Конечно, защита была бессильна перед кремлевскими троглодитами, — но зато с помощью адвокатов была восстановлена вся картина судилища, перешедшая затем в книгу Натальи Горбаневской «Полдень», — после чего троглодиты наконец добрались и до Наташи, которой досталось страшнее всех из демонстрантов: Казанская спецпсихушка с принудительным «лечением».

Впоследствии Михайлов сочинил «Адвокатский вальс»:

Конечно, усилия тщетны.

И им не вдолбить ничего.

Предметы для них беспредметны,

А белое просто черно.

Судье заодно с прокурором

Плевать на детальный разбор.

Им лишь бы прикрыть разговором

Готовый уже приговор.

…………………………………………

Ой, правое русское слово.

Луч света в кромешной ночи!

И все будет вечно хреново,

И все же ты вечно звучи!

В том ясе октябре Михайлов предстал перед Бобковым — начальником 5-го отдела КГБ, осуществлявшего контроль над идейными диверсантами. Тон беседы был избран вежливый, Михайлова предупреждали, что обо всех его подвигах, в том числе и о свердловском, осведомлены, и просили вообще воздержаться от концертов. А взамен обещали не чинить препятствий в творческой работе. Были затронуты и общие проблемы и даже проявлено определенное понимание, и Михайлов даже удивился, как по-человечески с ним говорят, но Бобков сказал тем же серьезным и проникновенным тоном:

— А вы знаете, что если бы мы не вошли в Чехословакию, завтра там были бы немцы?

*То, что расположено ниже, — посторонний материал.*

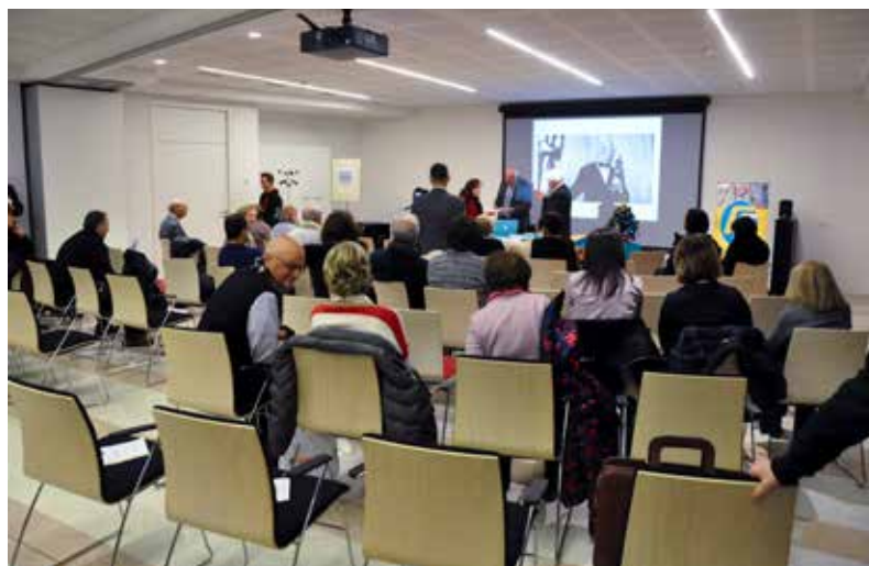
Aspetti inusuali della figura di Charlie Chaplin messi in luce da Marco Mantovani; oltre che attore e regista anche compositore istintivo, ma di grande talento.

Ne è emerso un quadro inedito del grande artista Chaplin il quale è rimasto quasi sempre nell'ombra per la sua originalissima opera musicale che efficacemente è servita a rendere ancora più straordinarie ed irresistibili le scene dei suoi film che ormai appartengono alla storia ed al mito del grande cinema
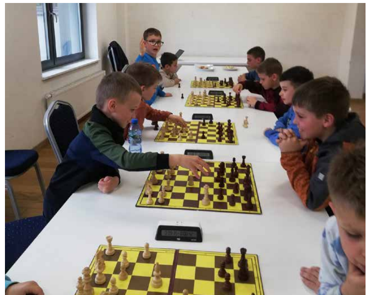
Uczestnicy zajęć szachowych rozegrali miniturniej

Ta królewska gra mimo, iż wymagająca dużo skupienia i opanowania, przyniosła naszym graczom mnóstwo emocji i pozytywnych wrażeń. Wszystkim uczestnikom gratulujemy i życzymy sukcesów w kolejnych szachowych utarczkach, a serdeczne podziękowania kierujemy w stronę instruktora Ireneusza Witasa-Tryjańskiego za pomysł i mobilizację swoich uczniów. GOK
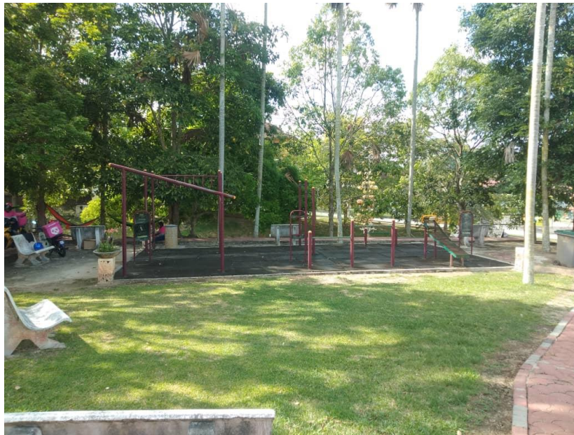
Keadaan taman awam dari sisi tempat alatan senaman
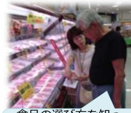
食品の選び方を知って、食事作りが楽になった。
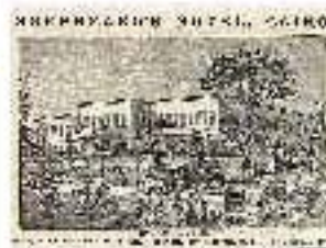
4.6 Publicidad del
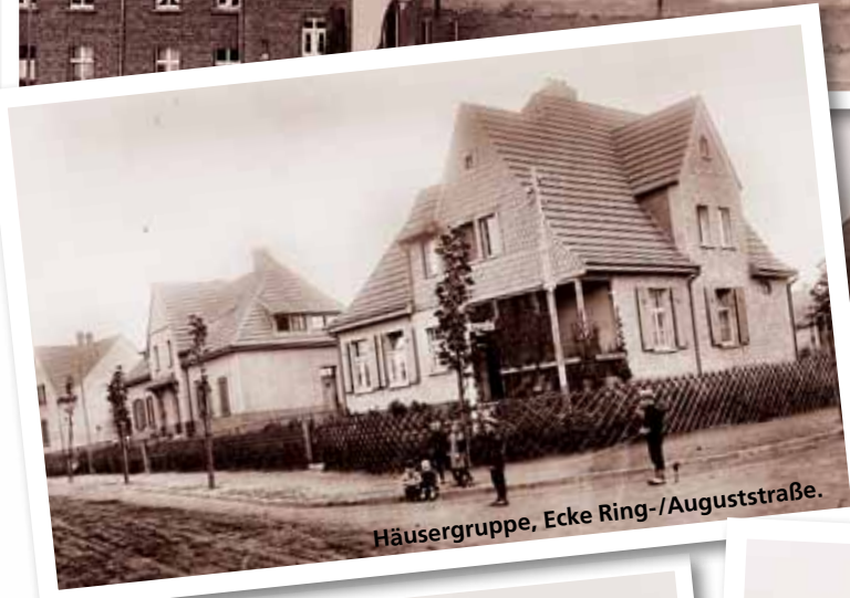
Häusergruppe, Ecke Ring-/Auguststraße.
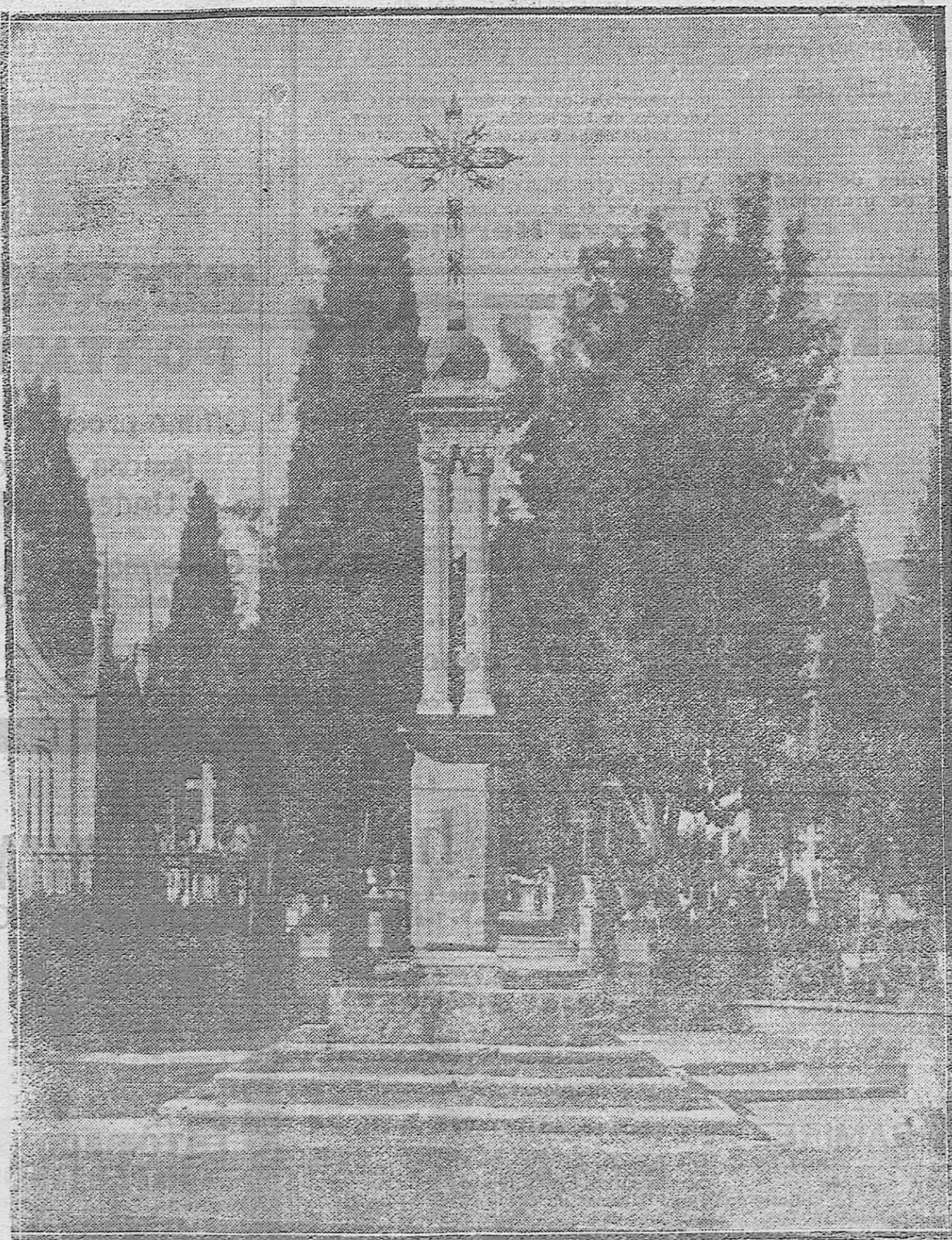
EL SEVERO MONUMENTO QUE SIMBOLIZA EN PIEDRA, HIERRO Y BRONCE «LA REDENCION DEL MUNDO POR LA CRUZ» Y QUE PRESIDE LA «CIUDAD DE LOS MUERTOS» DE LA PARTE OCCIDENTAL DE CÓRDOBA.
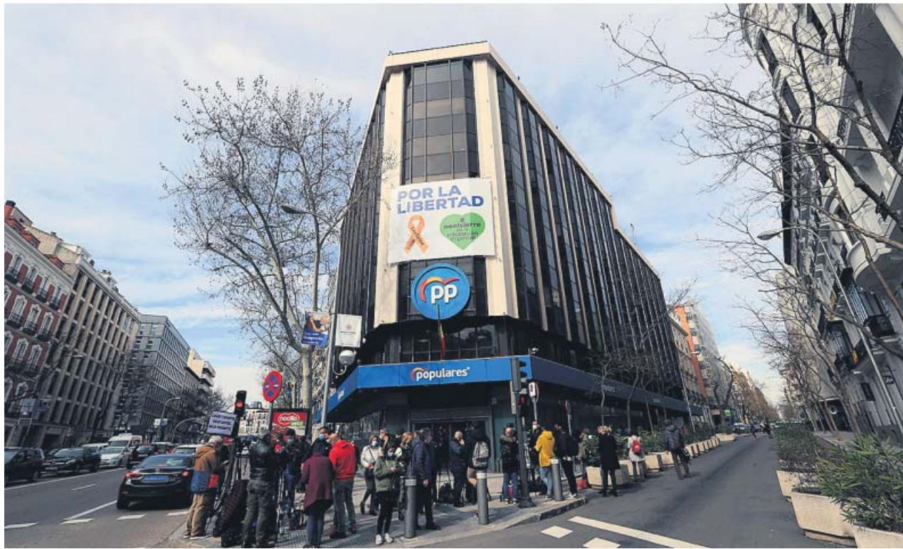
Un grupo de periodistas esperaba, ayer, en la puerta de la sede del Partido Popular en la calle Génova de Madrid.

A la hora de analizar el mal resultado del 14-F, Casado fue muy claro. «No hay nada que celebrar para los que queremos una España y una Cataluña unidas», sostuvo el líder de la oposición, pero culpó a Ferraz y al PSOE de «hundir la participación». No habrá nuevos nombres, dado que Casado respaldó sin dudas a Alejandro Fernández. El enfoque
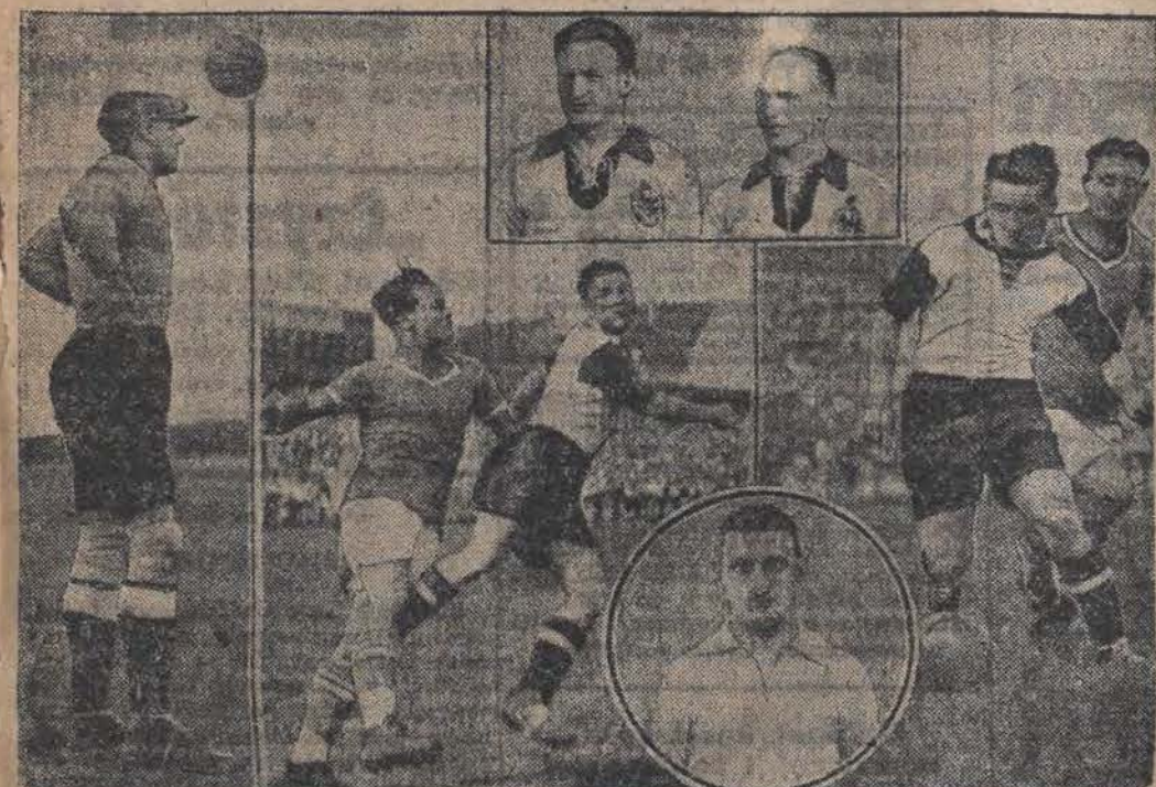
Drużyna niemiecka, która w ubiegłą niedzielę przegrała w Bolonii mecz piłkarski z Włochami w stosunku 1 do 3.

da się po większej części z zawodników IKP. Głośna ta i przewlekła sprawa na tem się jednak nie skończy, gdyż IKP. po zebraniu jeszcze niektórych dowodów, zwróci się z prośbą o interwencję i wydanie odpowiedniej decyzji do najwyższej instancji, a mianowicie do Związku Związków. Według dotychczasowych statutów Z. Z. nie jest władzą dla Związków i towarzystw sportowych, wobec czego protest IKP nie ma szans powodzenia.
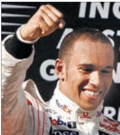
Der 23-jährige Brit Lewis Hamilton ist der erste Saisonsieger der Formel 1.

MUMMENSCHANZ 3 X 11 – Eine Retrospektive 18./19./20. März | 20.00 Uhr | Theater Casino Zug www.tmgz.ch Vorverkauf: 041 729 05 05

И Михайлов сразу внутренне сник и даже обиделся — за какого же лопуха держит его начальник?

Одной рукой Фоменко помаленьку двигал Шекспира к премьере — другой рукой (и ногой, и всем вообще остальным телом) он раскручивал замечательное действо в своем студенческом театре при МГУ на Ленгорш

«ТАТЬЯНИН ДЕНЬ, ИЛИ РУСИ ЕСТЬ ВЕСЕЛИЕ ПИТИ».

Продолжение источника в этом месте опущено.